I guess it's just a matter of taste preference.
Corporate Food has been training the American palate for decades that sweet is good. Plus, monoculture has its risks. I didn't know the citrus industry had a big target painted on its crop. http://www.npr.org/sections/thesalt...how-long-can-floridas-citrus-industry-survive I expect that growers seek out higher-profit markets in Japan to improve the margin being attacked on two fronts.
Joe that's a riot... How did you know that I was trying to corner the citrus futures market? I guess the word is out, no secrets being kept.
That would be one way to generate funds towards my 200-4R build...😉
Citrus greening has been taking a toll on the industry. Before that there was citrus canker. May not be any Florida citrus before long. I remember driving on the turnpike just north of Orlando surrounded by orange groves. The orange blossoms smelled great. They've been planted with pines, but you can still see a few of the old orange trees remain mixed in. No one harvests the oranges though.
I did a google search on Jack's house to see about maybe organizing a covert team to extract the white grapefruit but it looks like Jack has his property fenced off with barbed wire with attack birds walking the perimeter.
Funny as hell, The attack birds are vultures... Actually I Grew up here, In Orlando all my 58 years.
I've seen every change you can think of. The area was full of orange groves and processing plants
up to the mid 80's. Then housing projects started to slowly push the groves out.
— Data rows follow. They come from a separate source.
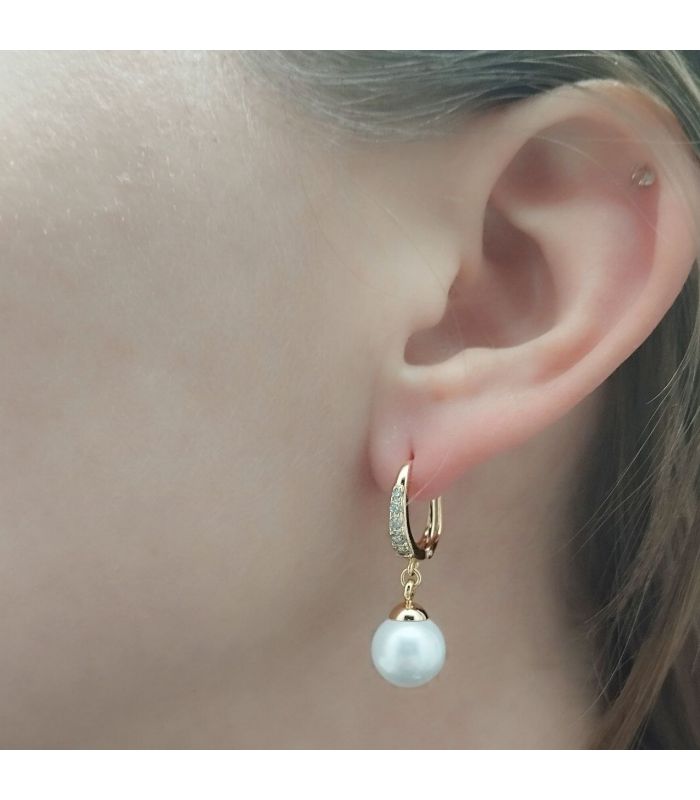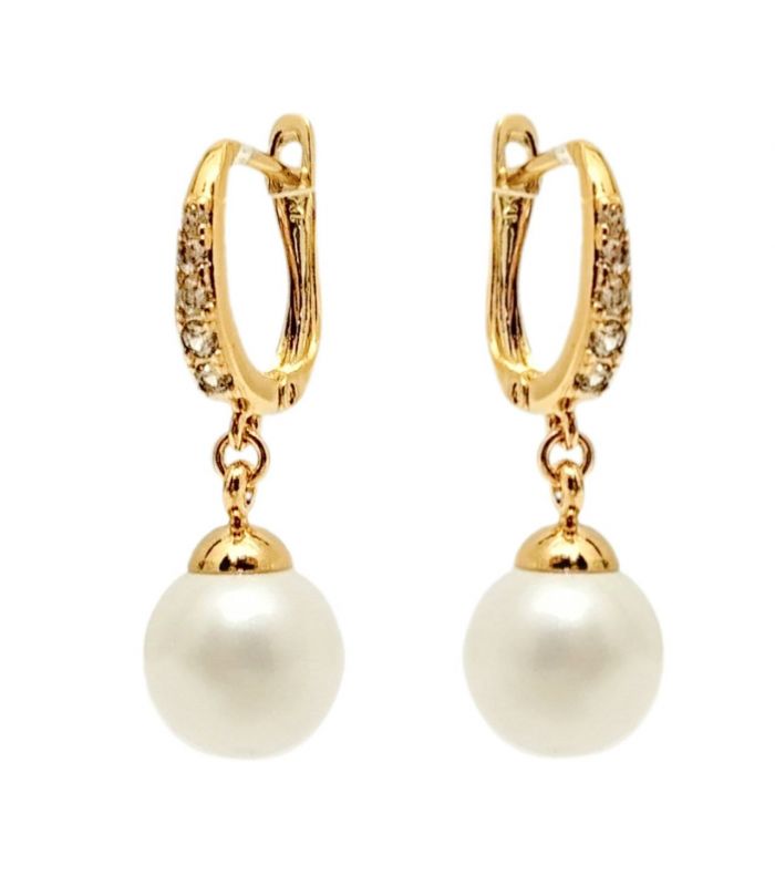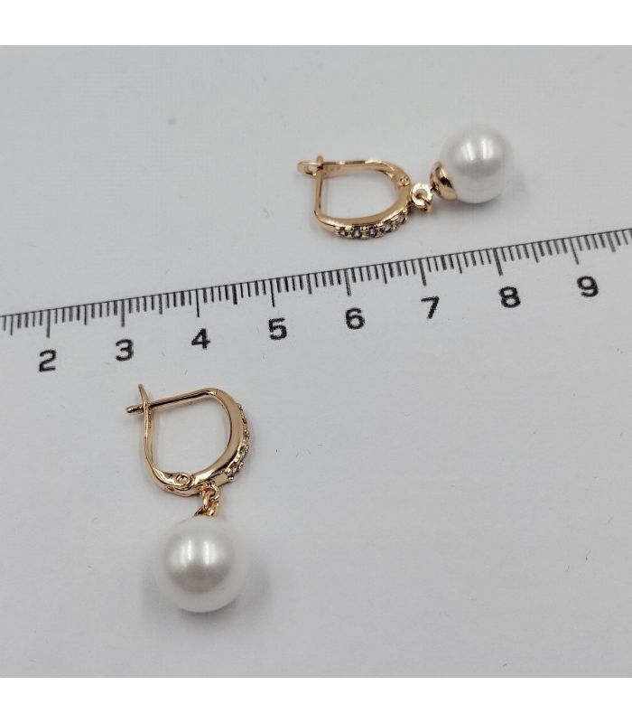 Серьги-подвески с жемчугом и цирконами, лимонная позолота
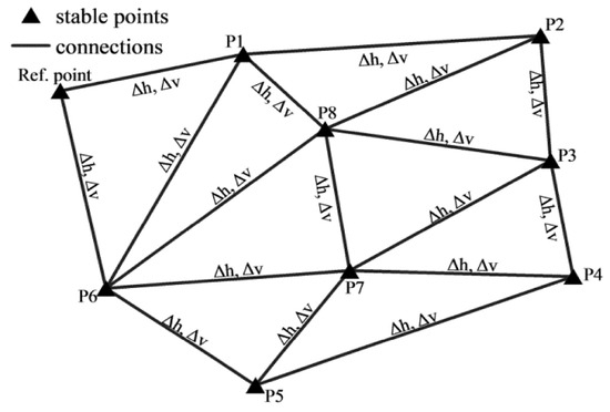 Repeat-pass SAR interferometry suffers from atmospheric variations that affect the transmitted signal of the satellite and degrade the final measurements by contributing to the phase difference. To remove it, an atmospheric phase screen procedure is based on the general rule that the atmosphere changes rapidly in time but not in space. For example, the atmospheric effect between two adjacent points (e.g., that are a few hundred meters apart) is too small to impact the phase difference between them. Applying this rule in a larger study area, a triangulation network must be set between stable points aiming to measure the height (Δh) and velocity (Δv) differences between connections, as represented in Figure 7.
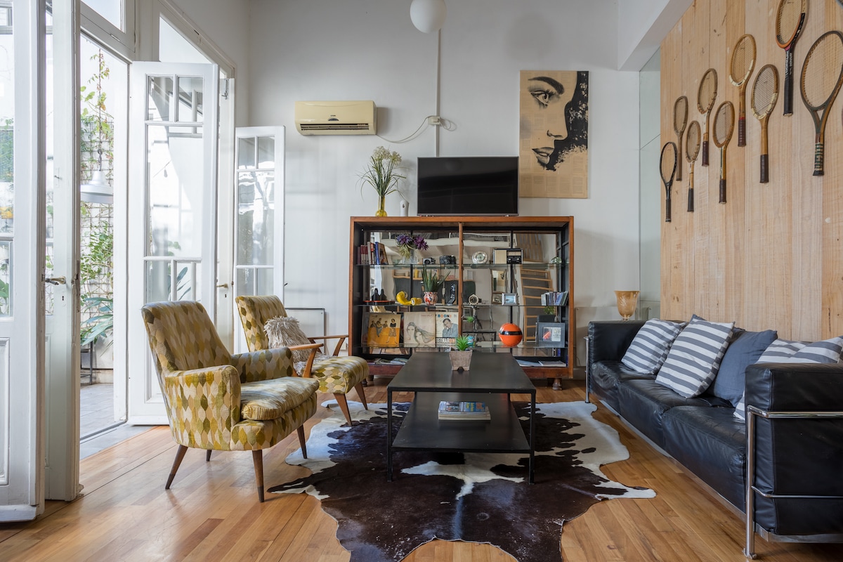 Vale la pena salire 4 rampe di scale in marmo per raggiungere questo rifugio luminoso e arioso. Trascorri una serata su una terrazza a scacchiera con un barbecue da un lato e una romantica vasca idromassaggio dall'altro. Scegli un libro da leggere più tardi o vai direttamente al comodo letto 2x2m. A 2 minuti a piedi dalla linea della metropolitana che collega al centro della città. Recoleta e Palermo sono raggiungibili a piedi. Non c'è ascensore per raggiungere il loft. L'uso della vasca idromassaggio in inverno non è consigliato. Non dispone di un proprio riscaldatore, anche se può essere riempita con acqua calda, e si raffredda molto rapidamente durante l'inverno.
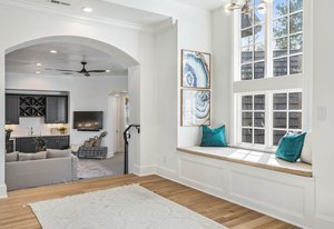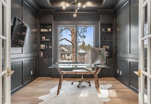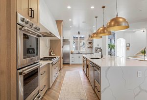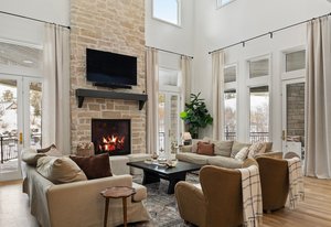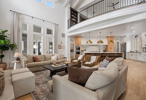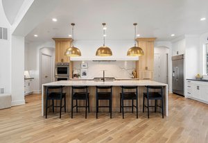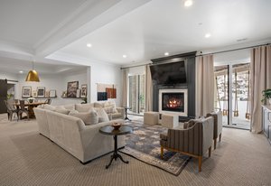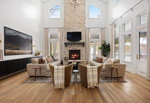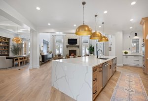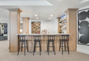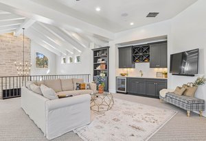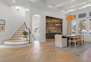 While a masterpiece of contemporary design and sophisticated elegance, this home exists to be lived in. The kitchen is gorgeous with its soft white tones, enhanced by white oak cabinetry, a striking Moroccan plaster range hood, and book-matched quartz that seamlessly flows across the waterfall island, countertops, and backsplash. High-end Thermador appliances, including a built-in, plumbed coffee system, complete the space. Adjacent to the kitchen, the great room soars with a two-story vaulted ceiling and a stone fireplace, with three sets of doors opening to the deck. The dining room, positioned just off the entry, features a wet bar that serves as a stunning focal point.
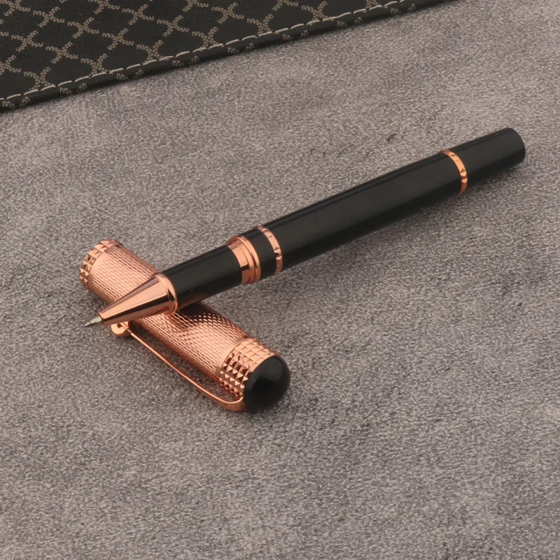 قلم حبر جاف فاخر من المعدن الأسود، قلم حبر جاف ذهبي اللون
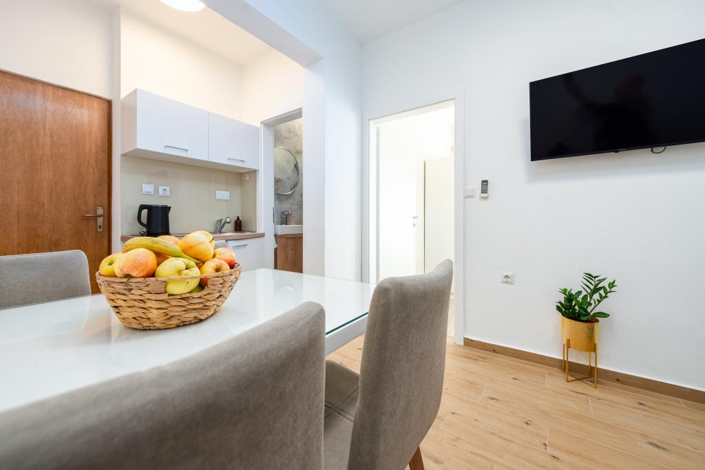 Die Apartments liegen direkt am Meer und Strand. Sie sind sehr sauber und duftend. Die Besitzer sind sehr nett und hilfsbereit und den Gästen stehen Sonnenliegen und zwei Fahrräder zur Verfügung. Ein Supermarkt ist 1.300 Meter entfernt (6 Minuten mit dem Fahrrad). Eine Bäckerei ist etwa 200 Meter entfernt und das Zentrum von Bibinje mit seiner lebhaften Atmosphäre und zahlreichen Pubs ist etwa 2 Kilometer entfernt. Zadar ist 12 Kilometer entfernt. Bolt und Uber sind in der Nähe verfügbar, sodass verschiedene Ziele leicht zu erreichen sind. Der Flughafen ist etwa 10 Kilometer entfernt. Wir haben 10 wundervolle Nächte im Apartment Suzy verbracht. Neben dem Apartment befindet sich ein wunderschöner Strand mit einer Hüpfburg für Kinder, einem Verleih von Wassersportgeräten, einem Burgerstand, einer Konditorei und einem Strandbistro mit Getränken.
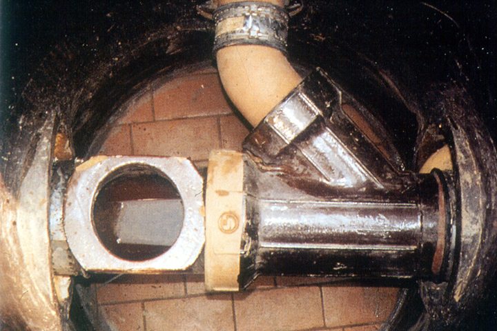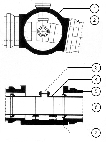 Eine kontinuierliche qualitative Dichtheitsprüfung ist bei doppelwandigen Kanälen mit offen in den Schacht einmündenden Mantelrohren (Bild 6.4.2.3-1) (Bild 6.4.2.3-2) durch Beobachtung des Sammelraumes im Schacht möglich [Menne90] . Es ist jedoch zu berücksichtigen, daß eventuell auftretendes Kondens- oder Oberflächenwasser im Falle undichter Schachtabdeckungen falsche Inspektionsergebnisse zur Folge haben kann.
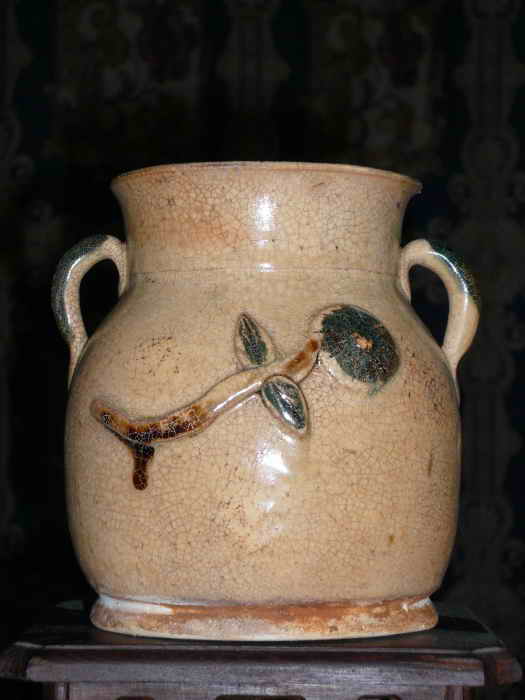 地处安徽省西南、长江中下游北岸的安庆地区,墓葬中时有长沙窑器物出土,品种有壶、罐、碗、玩具等等。这是怀宁县一唐代墓葬中出土的一件长沙窑褐绿彩双系罐。此双系罐高18.5厘米,口径15厘米,腹径17.5厘米,直颈,口沿外侈,窄肩,直腹,底部内凹,肩贴双系,双系两面用褐绿彩点绘相似的斜方形状图案纹饰,斜方纹内用绿彩点绘波浪纹。整件器物形体大方,修胎规整,釉层莹润光滑;为衬托出彩料的成色,达到其彩绘美的效果,器物胎上涂有一层化妆土,起到了增强胎体的致密度和增加瓷胎白度的作用;同时纹饰采用点、线表现手法,水墨晕散效果的抽象图纹,给人以丰富的想像空间。是一件难得的唐代长沙窑珍品,2004年安徽省文物鉴定站鉴定为国家二级文物,现收藏于怀宁县文物管理所。

Citrus canker helped that a good bit too. I worked in commercial construction for many years during
the 1980's and saw first hand how the orange business worked. Huge tankers full of orange
juice concentrate in 55 gal barrels from BRAZIL would pull into port Canaveral to unload. this would take several
days and you could watch the ship rise out of the water 75 feet or more as the load was taken off
and stored in a large freezer warehouse until it was shipped to the processing plants in Florida.
All they had to do was mix 90% of that juice with 10% Florida orange juice and they could legally
market it as "Florida orange juice" . Sadly today most of these markets in Florida are long gone.
Nobody seems to care about all the citrus industry being gone.